Artificial neural network (ANN) models are potentially reliable tools for the estimation of complex parameters such as osmotic pressure if the network is successfully trained. Many interconnections in the ANN offer a huge degrees of freedom or fitting variables. Thus, ANN enables to illustrate the non-linearity of a system in contrast to conventional techniques. Another benefit of ANNs is that they are dynamically adaptive where they can learn and adjust to new conditions in which the efficiency of ANN is not sufficient with old situations. Moreover, the ANN model is able to handle systems with several inputs and outputs.

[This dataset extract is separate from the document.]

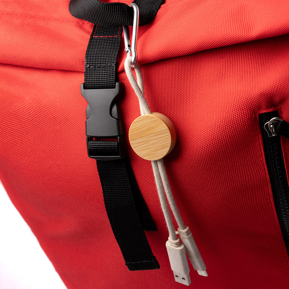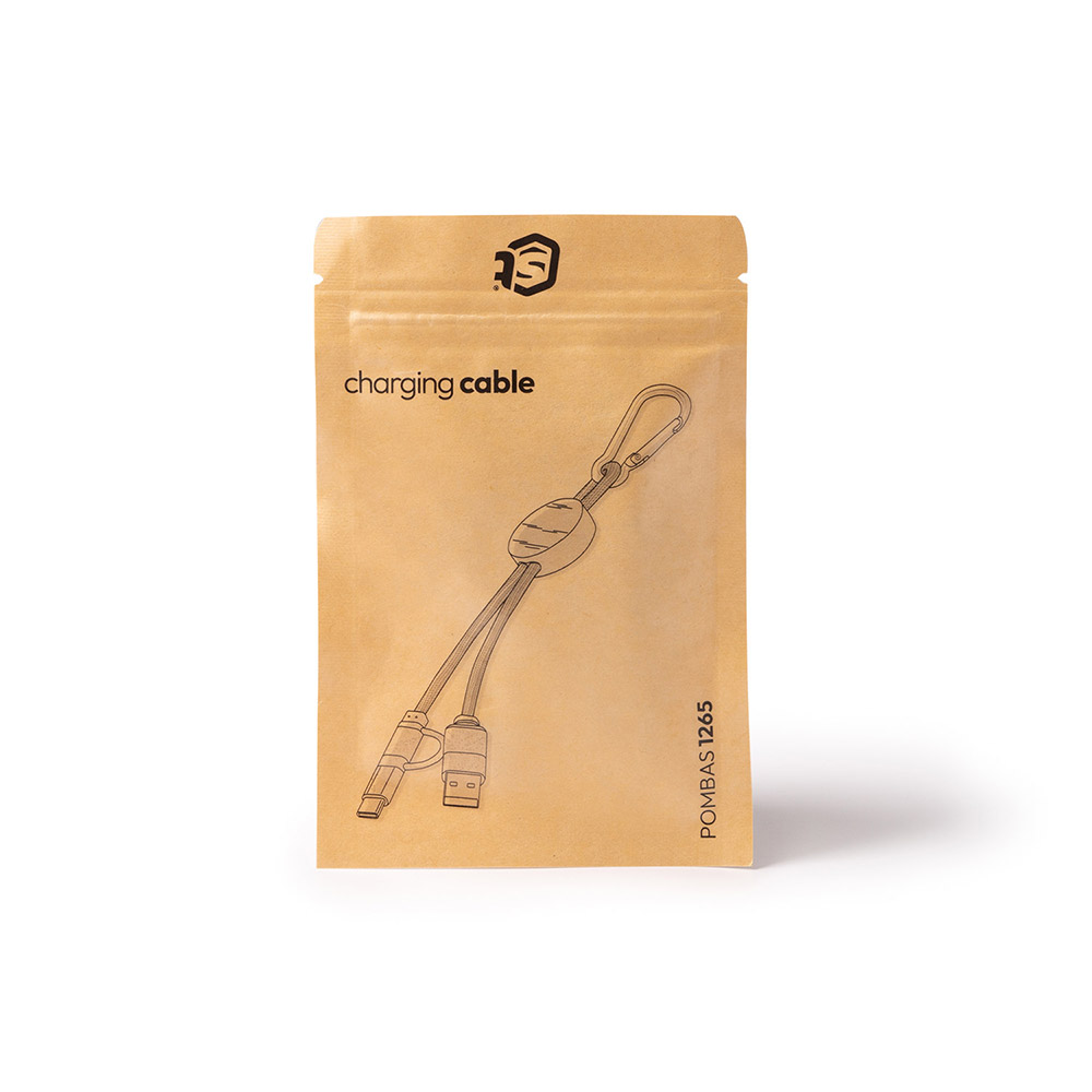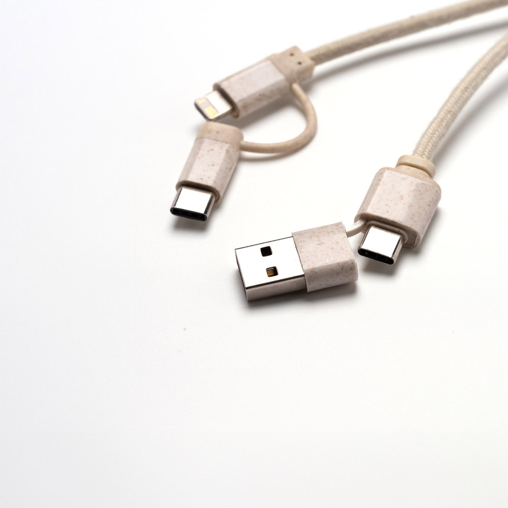 Cable 4 en 1. Cuerpo de bambú, cable de algodón y detalles en fibra de trigo. Entrada USB y Tipo C. Salida de USB, Tipo C y Lightning. Incluye mosquetón.

In this paper, artificial neural network (ANN) and colloidal interaction model were employed to predict osmotic pressure of BSA. Osmotic pressure was considered as a function of pH, ionic strength, and BSA concentration. The colloidal interaction model also included the effect of thermodynamic properties on the magnitude of BSA osmotic pressure. In the ANN model, the experimental data from the literature was divided into three categories, including training, validation, and testing datasets (Maier and Dandy, 2000). Levenberg-Marquardt optimization algorithm was used for training the network. The optimum ANN structure was determined through minimizing the absolute percent error (ANN model predictions and experimental data) and the absolute relative difference between the values calculated by ANN and colloidal interaction models. The performance of the mathematical models presented in this study was checked based on statistical parameters, namely R-squared, maximum and mean absolute percent errors. Reasonable agreement between the results was obtained which demonstrated the usefulness of the ANN model in prediction of BSA osmotic pressure. The methodologies used in this study and the results obtained are discussed in details throughout the following sections.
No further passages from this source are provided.